Ricardo’s example: “To produce the wine in Portugal, might require only the labour of 80 men for one year, and to produce the cloth in the same country, might require the labour of 90 men for the same time. It would therefore be advantageous for her to export wine in exchange for cloth. This exchange might even take place, notwithstanding that the commodity imported by Portugal could be produced there with less labour than in England. Though she could make the cloth with the labour of 90 men, she would import it from a country where it required the labour of 100 men to produce it, because it would be advantageous to her rather to employ her capital in the production of wine, for which she would obtain more cloth from England, than she could produce by diverting a portion of her capital from the cultivation of vines to the manufacture of cloth.”
Ricardo, and defenders of his theory, ignore or downplay a few flaws in this argument.
First, the existence of capital goods. England and Portugal have merrily been producing both goods since time immemorial. There are whole chains in place, equipment built and rebuilt, innovations, buyer and sellers, distribution processes, warehouses, transportation methods, etc.
By handwaving all that away, Ricardo et al. wave away the cost of transformation. It costs money to change manufacturing away from one thing to another. The capital investments need to be recouped at some level or the company behind it will become insolvent. Potentially more people will lose jobs than will be gained with the retooling. If the rewards are worth it, some will try it, but not all. The only way to ensure a transformation would to have the State dictate the change. Otherwise, people might change to the new process, or they might not.
What if we pretend these are new products, and the capital investments haven’t been made yet? The problem is worse, since we have no idea which country will be able to make what at what cost for which price.

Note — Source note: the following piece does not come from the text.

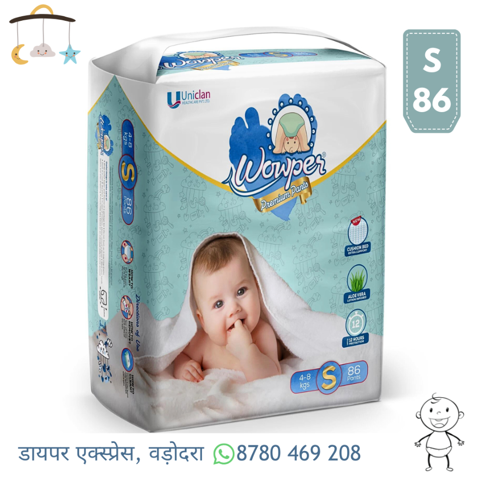 WOWPER Premium Pants Style Baby Diaper, Small (S) size, 86 count, 4 to 8 Kg

Second, human desire. Not everyone wants to switch jobs. People aren’t rational, economic machines. People’s desires in what they want to produce and why are paramount and have more heft than a cold economical model. Yes, some will make the change, no doubt. Profits drive a lot of decisions but not all.
Third, international politics. If England and Portugal have a falling away and sever all ties because Portugal drummed the English in soccer, both countries will suffer more than if they had kept some of the production within their borders. The English won’t be drinking wine and the Portuguese will be walking around in old clothes wondering if they have to switch back to polyester.red-wine-bottle-vector
Fourth, interruptions of delivery. If the shipping routes between the countries stop and stop hard, say the Chunnel is shut down or the Channel is impassible for whatever reasons, like Poseidon has decided to make a come-back by declaring unending animosity against the English bulldog, it will be the same as point number three. Too many sober Englishmen and too many under-dressed Portuguese for anyone’s taste.

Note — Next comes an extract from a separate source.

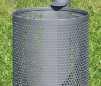 Stahlblech oder wahlweise Lochblech, feuerverzinkt. Behälterkanten gebördelt. Sicherung mit 7 mm Dreikantschloss. Gesichert gegen unbefugte Behälterentnahme.

Fifth, technology doesn’t stand still, not with any human endeavor. Portugal might discover a better way to produce cloth, say by combining sheep and cotton trees. These mutants take only one man to make as much cloth as they import from England. Sorry, England, you lose the Portuguese cloth market.
Sixth, third parties. What if France can out produce in cloth and wine than either other country? England loses the Portuguese cloth market and Portugal loses the English wine market. Now retooling will have to happen and we’re back to the first point.
Seventh, national interests. Let’s say England’s brightest minds find a way to utilize wine in a critical piece of their defensive structure. British soldiers in all the armed forces are up to 100% more effective with a glass of wine each night. Portugal gets wind of this through their devious Portuguese spies. What do you think is going to happen?
Portugal’s exported wine prices will go up for the English. Anyone selling wine to England will jack up their prices. It will be a price war, trying to determine how much England will be willing to spend on wine.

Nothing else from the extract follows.